Could you repeat, exactly and with no pictures, only the lines from the start of the records through the line containing "在Mac OS X 10.5.x中,根据应用程序,[页面设置]对话框会有所不同。"?

=== INPUT MATERIAL ===

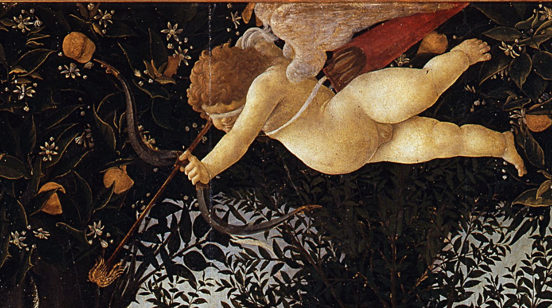 在维纳斯上方,呈拱形的橘树是她权威的一个象征。她的儿子丘比特蒙着双眼,正将一支燃烧着的箭射向美惠三女神。丘比特,在文艺复兴时期绘画中的丘比特常常被蒙上眼睛,表示“爱是盲目的”这一谚语。
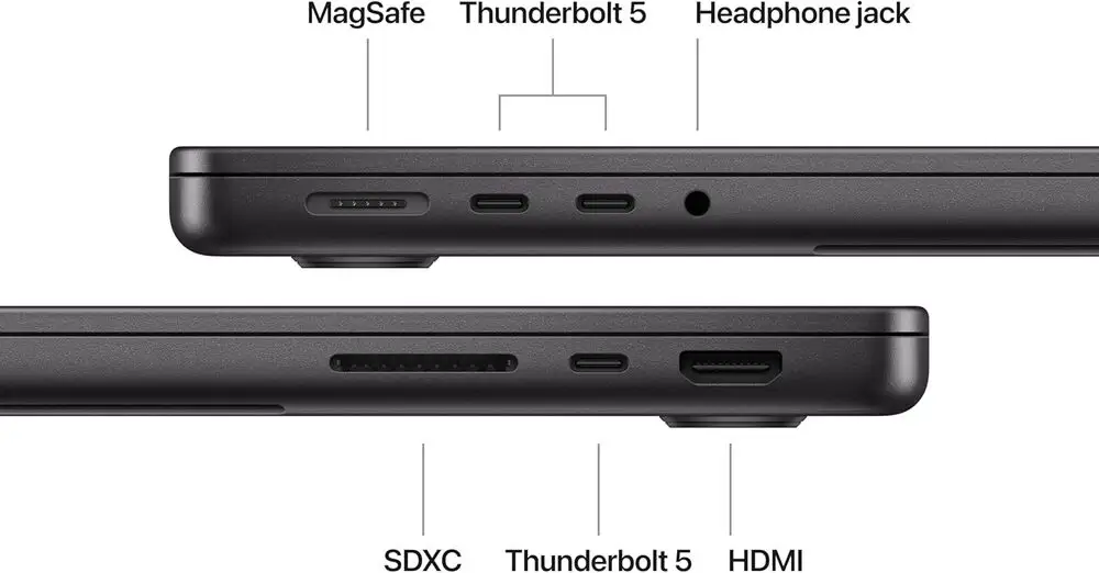It includes Thunderbolt, USB 3.0, HDMI, and a MagSafe 2 power connector.
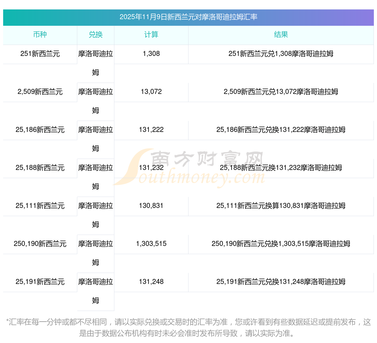 南方財富網(wǎng)為您提供新西蘭元換成摩洛哥迪拉姆匯率最新價格詳情。
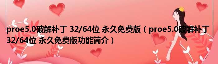 导读 大家好,关于proe5 0破解补丁 32 64位 永久免费版,proe5 0破解补丁 32 64位 永久免费版功能简介这个很多人还不知道,小勒来为大家解答以
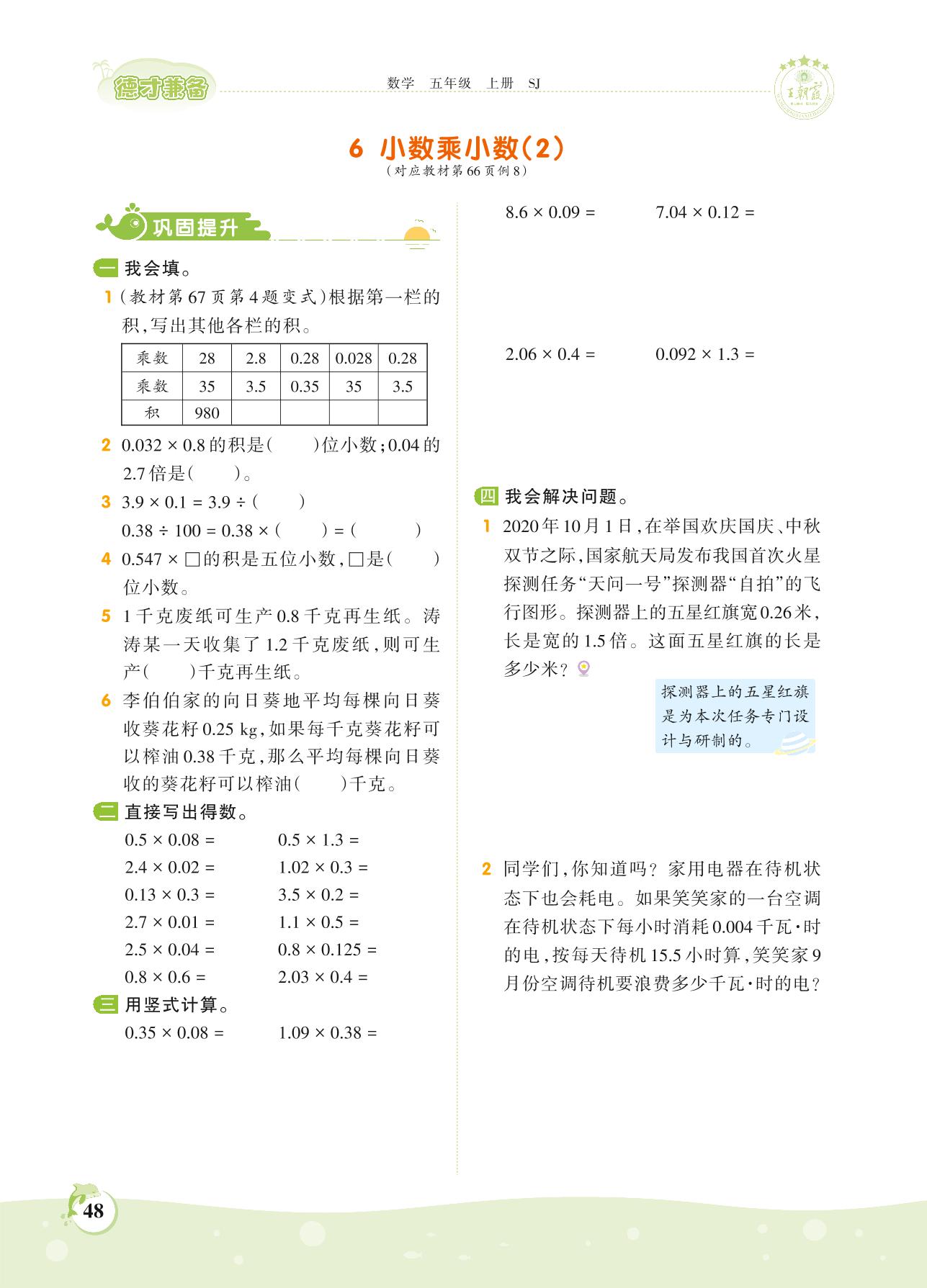 2021上册五年级数学苏教版 第五单元——6 小数乘小数(2)
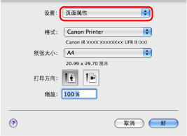 在Mac OS X 10.5.x中,根据应用程序,[页面设置]对话框会有所不同。
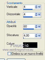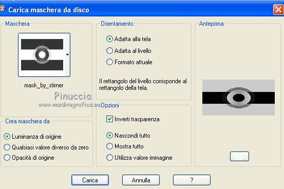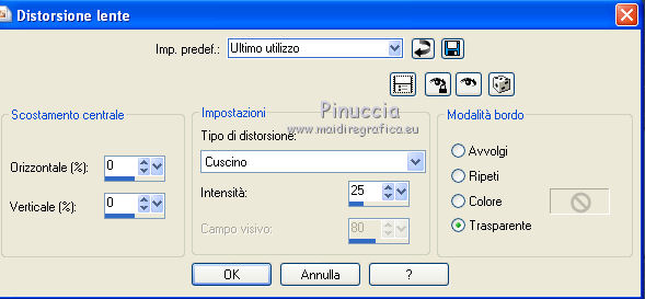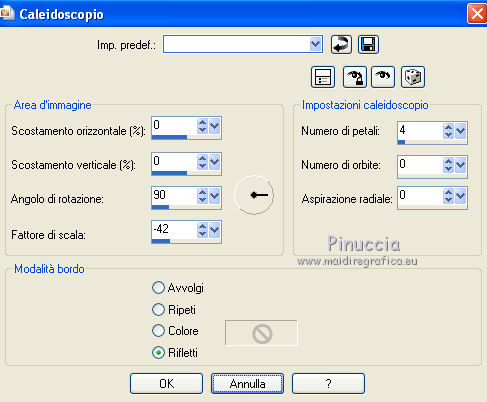 qui puoi trovare qualche risposta ai tuoi dubbi. Se l'argomento che ti interessa non è presente, ti prego di segnalarmelo. Questo tutorial è stato creato con PSP X2 e tradotto con Corel X, ma può essere eseguito anche con le altre versioni di PSP. Dalla versione X4, il comando Immagine>Rifletti è stato sostituito con Immagine>Capovolgi in orizzontale, e il comando Immagine>Capovolgi con Immagine>Capovolgi in verticale. Nelle versioni X5 e X6, le funzioni sono state migliorate rendendo disponibile il menu Oggetti. Con la versione X7 sono tornati i comandi Immagine>Rifletti e Immagine>Capovolgi, ma con nuove funzioni. Vedi la scheda sull'argomento qui traduzione in francese qui le vostre versioni qui Occorrente: Materiale qui Il tube della donna è di Jet. Il tube accessorio di Camerontags. Filtri: in caso di dubbi, ricorda di consultare la mia sezione filtri qui Mura's Meister - Copies qui. L&K Zitah (nello zip) L&K Paris (nello zip) Flaming Pear - Flexify 2 qui Filters Unlimited 2.0 qui Andrew's Filter Collection 59 (nello zip). I filtri Andrew's per essere usati devono prima essere convertiti. Come fare vedi qui Si usano importandoli in Filters Unlimited (come fare vedi qui) ma possono funzionare anche da soli ![]() Metti la maschera nella cartella Maschere. 1. Apri l'immagine gradiente_topjeans. Questa immagine - che ha la dimensione corretta di 1000x500 pixels - sarà la base del tuo lavoro. Questo gradiente è stato realizzato con il colore di primo piano #4d6278, e il colore di sfondo #c1d5e9. ![]() Livelli>Duplica - 2 volte; avrai così tre livelli. 2. Attiva il livello Raster 1. Effetti>Plugins>Filters Unlimited - Andrew's Filters Collection 59 - In And Out of Filters, con i settaggi standard. ![]() non potrai vedere il risultato perchè il livello è coperto dalle copie; per visualizzare il risultato chiudi i livelli soprastanti. 3. Attiva il livello Copia di Raster 1. Livelli>Carica/Salva maschera>Carica maschera da disco. Cerca e carica la maschera mask_by_stirner. ![]() Livelli>Unisci>Unisci gruppo. Effetti>Effetti 3D>Sfalsa ombra, con il colore nero: ![]() Ripeti l'Effetto Sfalsa ombra, cambiando verticale e orizzontale con -4. 4. Effetti>Plugins>Mura's Meister - Copies. ![]() 5. Livelli>Duplica. Immagine>Capovolgi. Abbassa l'opacità di questo livello all'82%. Livelli>Unisci>Unisci giù. 6. Attiva il livello della seconda copia. Livelli>Carica/Salva maschera>Carica maschera da disco. Carica nuovamente la maschera mask_by_stirner, questa volta Inverti trasparenza selezionato. ![]() Livelli>Unisci>Unisci gruppo. Effetti>Effetti 3D>Sfalsa ombra, con il colore nero. ![]() Ripeti l'Effetto Sfalsa ombra, cambiando verticale e orizzontale con -4. 7. Effetti>Plugins>L&K - L&K Zitah: ![]() 8. Effetti>Plugins>L&K - L&K Paris. ![]() 9. Effetti>Effetti di distorsione>Distorsione lente. ![]() 10. Effetti>Plugins>Flaming Pear - Flexify 2. ![]() Regola>Messa a fuoco>Accentua messa a fuoco. 11. Apri spiralgaia_camerontags e vai a Modifica>Copia. Torna al tuo lavoro e vai a Modifica>Incolla come nuovo livello. Effetti>Effetti di riflesso>Caleidoscopio. ![]() Effetti>Effetti 3D>Sfalsa ombra: ![]() 12. Apri il tube della donna e vai a Modifica>Copia. Torna al tuo lavoro e vai a Modifica>Incolla come nuovo livello. Immagine>Rifletti. Immagine>Ridimensiona, all'85%, tutti i livelli non selezionato. Effetti>Effetti 3D>Sfalsa ombra, con un settaggio a tua scelta. Il mio. ![]() Sposta il tube un po' più a sinistra.Aggiungi, se vuoi, il tube di un uomo. Abbassa l'opacità di questo livello tra il 20 e il 30%. Porta questo livello sopra il terzo livello della maschera. ![]() 13. Immagine>Aggiungi bordatura, 3 pixels, simmetriche, con il colore chiaro. Livelli>Innalza livello di sfondo. 14. Livelli>Nuovo livello raster. Livelli>Disponi>Porta sotto. Immagine>Dimensione tela. ![]() Riempi il livello con un colore della tua immagine.15. Attiva il livello superiore. Effetti>Effetti 3D>Sfalsa ombra, con il colore nero. ![]() Ripeti l'Effetto Sfalsa ombra cambiando verticale e orizzontale con -4. 16. Livelli>Unisci>Unisci tutto. 17. Firma il tuo lavoro e salva in formato jpg. I tubes di questo esempio sono di Bichito e Min@ ![]() Le vostre versioni qui ![]() Puoi scrivermi se hai problemi o dubbi, o trovi un link che non funziona, o soltanto per un saluto. 17 Gennaio 2011 |
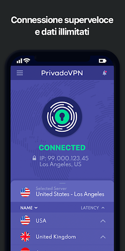 PrivadoVPN è la VPN gratuita senza pubblicità, veloce e sicura di cui ti puoi fidare. Basta un clic per navigare in Internet in modo sicuro e anonimo. VPN 100% gratuita con velocità illimitata.
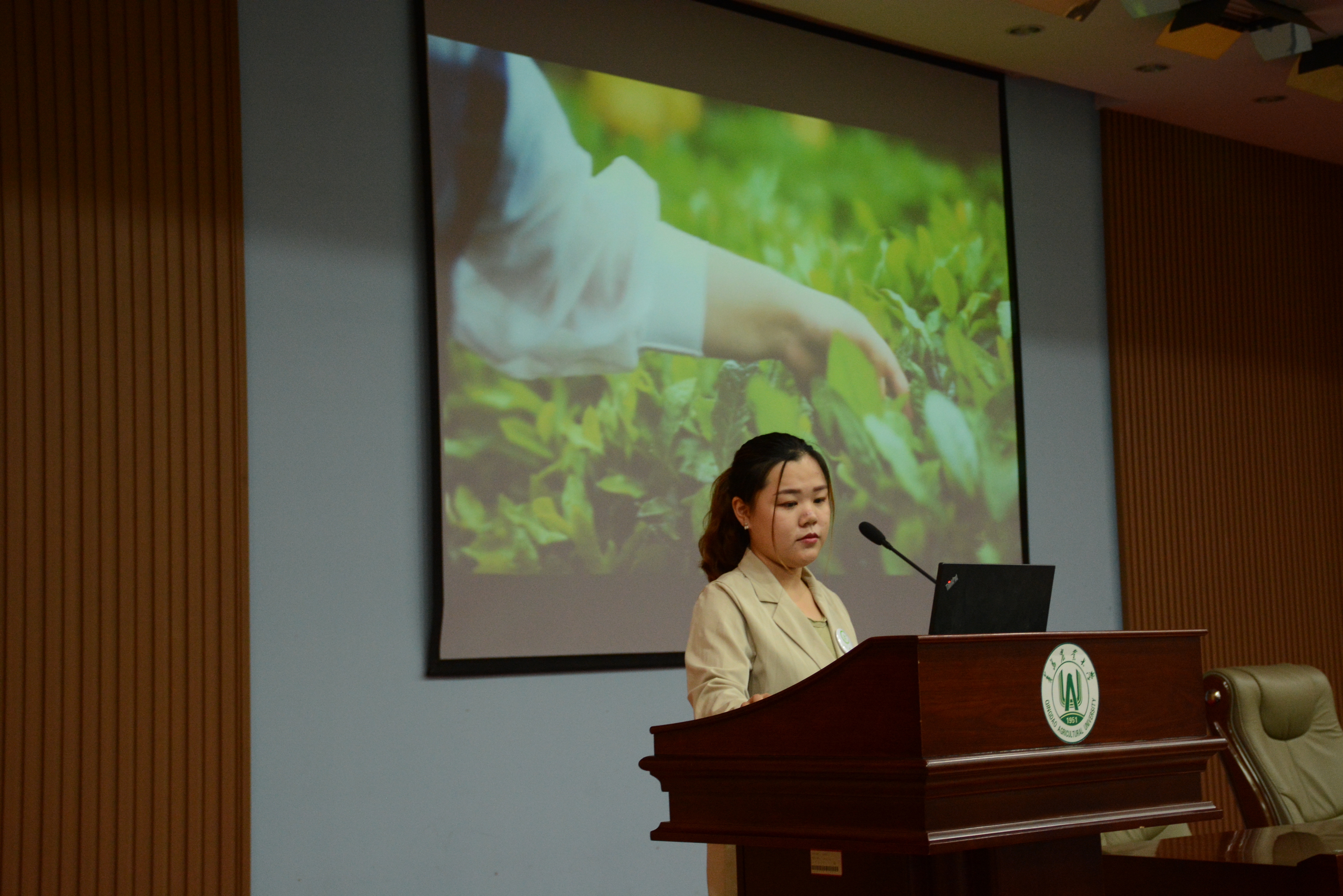 分享会中,实践团七位优秀代表分别从前期准备、实践过程、实践成果和实践感悟四个方面向同学们展示出社会实践的独特魅力。分享过程中,“访非遗,逐国梦”实践队队长朱广雪以照片、视频的形式,向同学们分享了学习草编、制做烧饼、走访面塑等实践过程中的点点滴滴,并在最后提出了“学古之道,有食笋而去其箨也”的主题,使实践内容鲜明且具特色,也让同学们进一步了解了非物质文化遗产深厚的底蕴。此外,以公司茶学专业为实践特色的“茶之行,爱之旅”社会实践队,在视觉与听觉的享受中向同学们讲述了他们与茶叶的故事,让同学们在感受社会实践意义的同时,也让他们接触到不一样的社会实践。
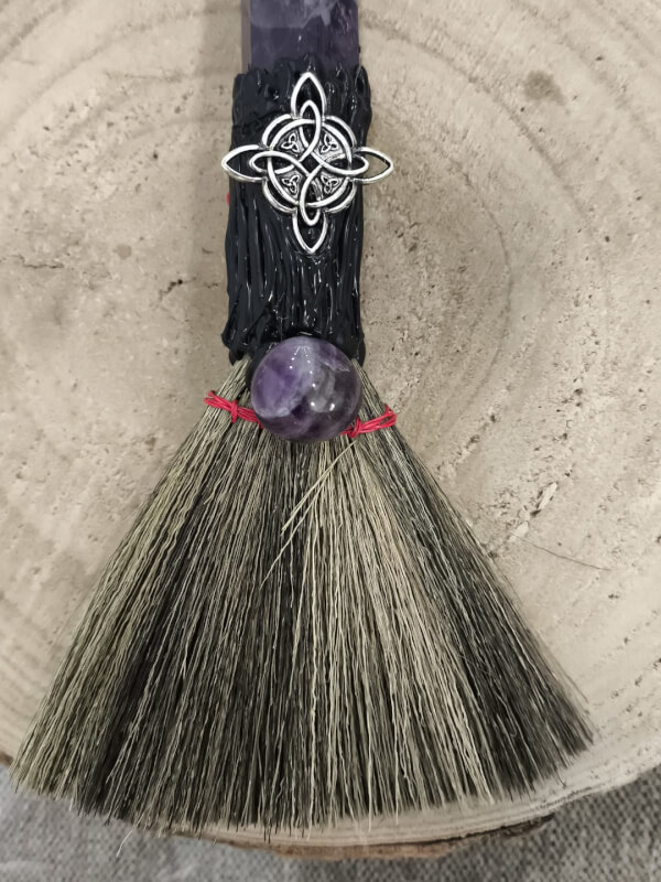 Escoba de Bruja con Amatista y Nudo de Bruja

===

**ANSWER FOR THIS EXERCISE**
 在维纳斯上方,呈拱形的橘树是她权威的一个象征。她的儿子丘比特蒙着双眼,正将一支燃烧着的箭射向美惠三女神。丘比特,在文艺复兴时期绘画中的丘比特常常被蒙上眼睛,表示“爱是盲目的”这一谚语。
It includes Thunderbolt, USB 3.0, HDMI, and a MagSafe 2 power connector.
 南方財富網(wǎng)為您提供新西蘭元換成摩洛哥迪拉姆匯率最新價格詳情。
 导读 大家好,关于proe5 0破解补丁 32 64位 永久免费版,proe5 0破解补丁 32 64位 永久免费版功能简介这个很多人还不知道,小勒来为大家解答以
 2021上册五年级数学苏教版 第五单元——6 小数乘小数(2)
 在Mac OS X 10.5.x中,根据应用程序,[页面设置]对话框会有所不同。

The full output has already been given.